- **DATA SECTION**
[Start of section]
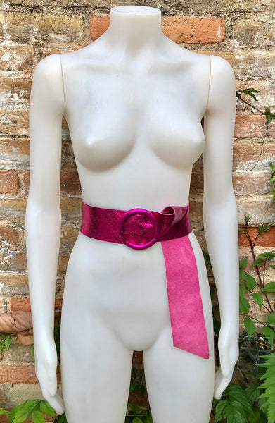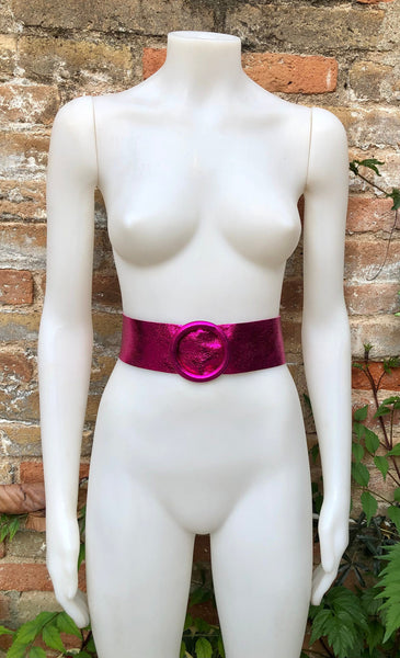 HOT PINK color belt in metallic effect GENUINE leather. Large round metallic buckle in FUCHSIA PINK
[End of section]
[Start of section]
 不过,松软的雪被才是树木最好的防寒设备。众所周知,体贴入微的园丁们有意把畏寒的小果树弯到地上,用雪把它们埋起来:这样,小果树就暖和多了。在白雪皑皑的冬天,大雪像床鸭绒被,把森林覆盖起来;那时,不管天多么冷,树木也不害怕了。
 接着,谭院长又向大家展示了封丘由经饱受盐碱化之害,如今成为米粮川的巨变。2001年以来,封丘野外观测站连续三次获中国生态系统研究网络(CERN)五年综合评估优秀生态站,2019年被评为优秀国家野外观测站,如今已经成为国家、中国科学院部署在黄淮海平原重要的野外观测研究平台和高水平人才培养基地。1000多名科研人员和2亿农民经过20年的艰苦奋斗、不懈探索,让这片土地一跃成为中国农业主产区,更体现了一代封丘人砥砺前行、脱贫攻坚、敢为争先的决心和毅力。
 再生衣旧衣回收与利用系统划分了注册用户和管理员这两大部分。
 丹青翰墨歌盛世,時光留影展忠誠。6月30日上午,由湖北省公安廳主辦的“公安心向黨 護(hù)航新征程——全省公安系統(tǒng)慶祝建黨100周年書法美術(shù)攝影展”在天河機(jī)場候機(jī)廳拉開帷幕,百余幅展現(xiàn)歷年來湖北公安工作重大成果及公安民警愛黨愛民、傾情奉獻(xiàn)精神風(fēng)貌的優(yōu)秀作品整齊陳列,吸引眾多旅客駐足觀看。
[End of section]
- **WHAT YOU NEED TO DO**
From the listing above, repeat exactly the lines starting at the line that includes "再生衣旧衣回收与利用系统划分了注册用户和管理员这两大部分。" and ending at the line that includes "丹青翰墨歌盛世,時光留影展忠", with nothing outside that span.

- **WRITTEN ANSWER**
 再生衣旧衣回收与利用系统划分了注册用户和管理员这两大部分。
 丹青翰墨歌盛世,時光留影展忠誠。6月30日上午,由湖北省公安廳主辦的“公安心向黨 護(hù)航新征程——全省公安系統(tǒng)慶祝建黨100周年書法美術(shù)攝影展”在天河機(jī)場候機(jī)廳拉開帷幕,百余幅展現(xiàn)歷年來湖北公安工作重大成果及公安民警愛黨愛民、傾情奉獻(xiàn)精神風(fēng)貌的優(yōu)秀作品整齊陳列,吸引眾多旅客駐足觀看。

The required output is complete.